Cleaning Methods¶

All cleaning methods modify the document in-place and return None. They are designed to clean and normalize text extracted from PDFs, web pages, and other sources.

Overview¶

Cleaning methods are called on Document instances:

from rs_document import Document

doc = Document(page_content="Raw text", metadata={})
doc.clean()  # Modifies doc.page_content in-place

Important: All cleaning methods modify the document's page_content directly. The original content is not preserved. If you need to keep the original, create a copy first.

Methods¶

`clean()`¶

Run all available cleaners in sequence.

Signature:

doc.clean() -> None

Description:

Applies all cleaning operations in a specific order.
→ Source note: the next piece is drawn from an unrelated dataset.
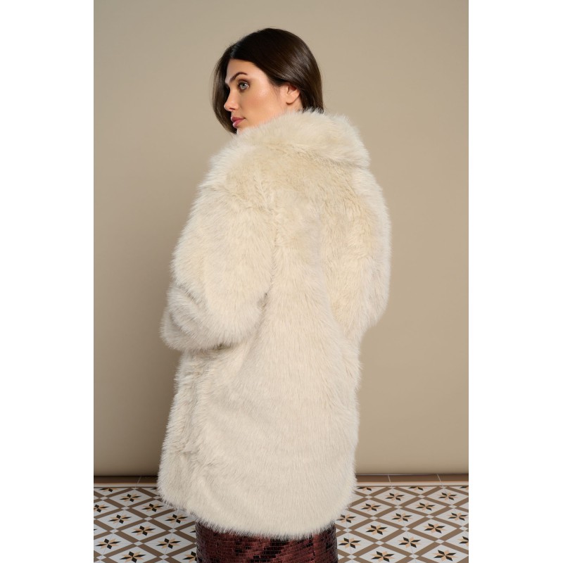 Abrigo de pelo sintético con cuello solapa. Forro interior. Cierre con enganche.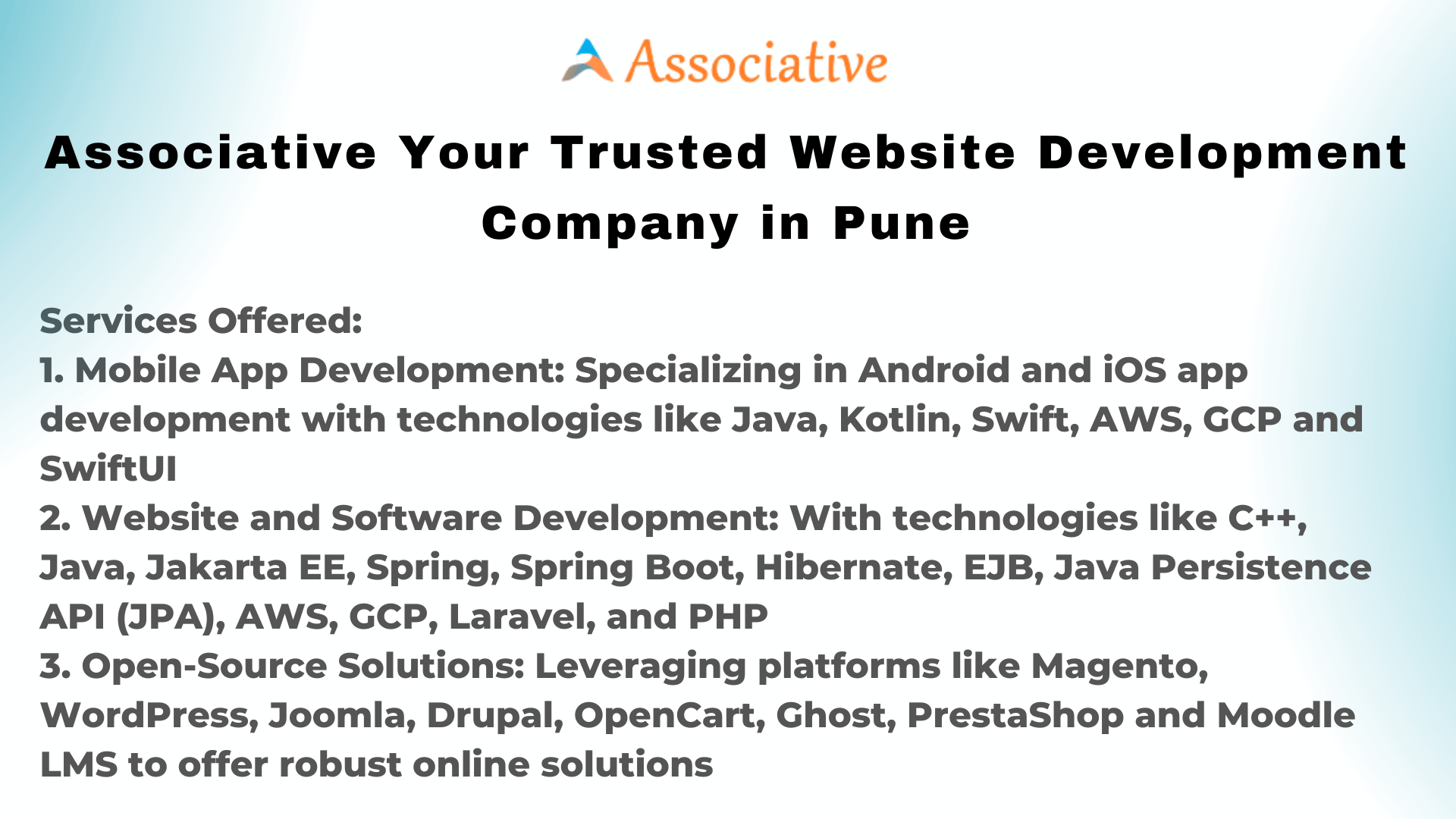 Associative, based in Lohegaon, Pune, is your trusted Website Development Company, poised to help you establish a compelling online presence. Whether you need mobile app development, website and software solutions, or open-source expertise, Associative possesses the skills and experience to bring your digital vision to life. Partner with Associative and embark on a journey to create a powerful and user-friendly website that sets you apart in the digital world.

This is the most convenient method for general-purpose cleaning.

Execution Order:

clean_extra_whitespace() - Normalize whitespace
clean_ligatures() - Convert typographic ligatures
clean_bullets() - Remove bullet characters
clean_non_ascii_chars() - Remove non-ASCII characters
group_broken_paragraphs() - Join split paragraphs

Parameters:

None.

Returns:

None - Modifies the document in-place.

Example:

doc = Document(
    page_content="●  Text with   spaces and æ ligatures\x88",
    metadata={}
)

doc.clean()

# All cleaning operations applied:
# - Extra whitespace normalized
# - Ligature 'æ' converted to 'ae'
# - Bullet '●' removed
# - Non-ASCII character '\x88' removed
print(doc.page_content)  # "Text with spaces and ae ligatures"

Use Cases:

General-purpose document cleaning
Preparing text for analysis or embedding
Sanitizing text from unknown sources

Note: The order is fixed and cannot be customized. If you need a different order or subset of operations, call individual cleaning methods directly.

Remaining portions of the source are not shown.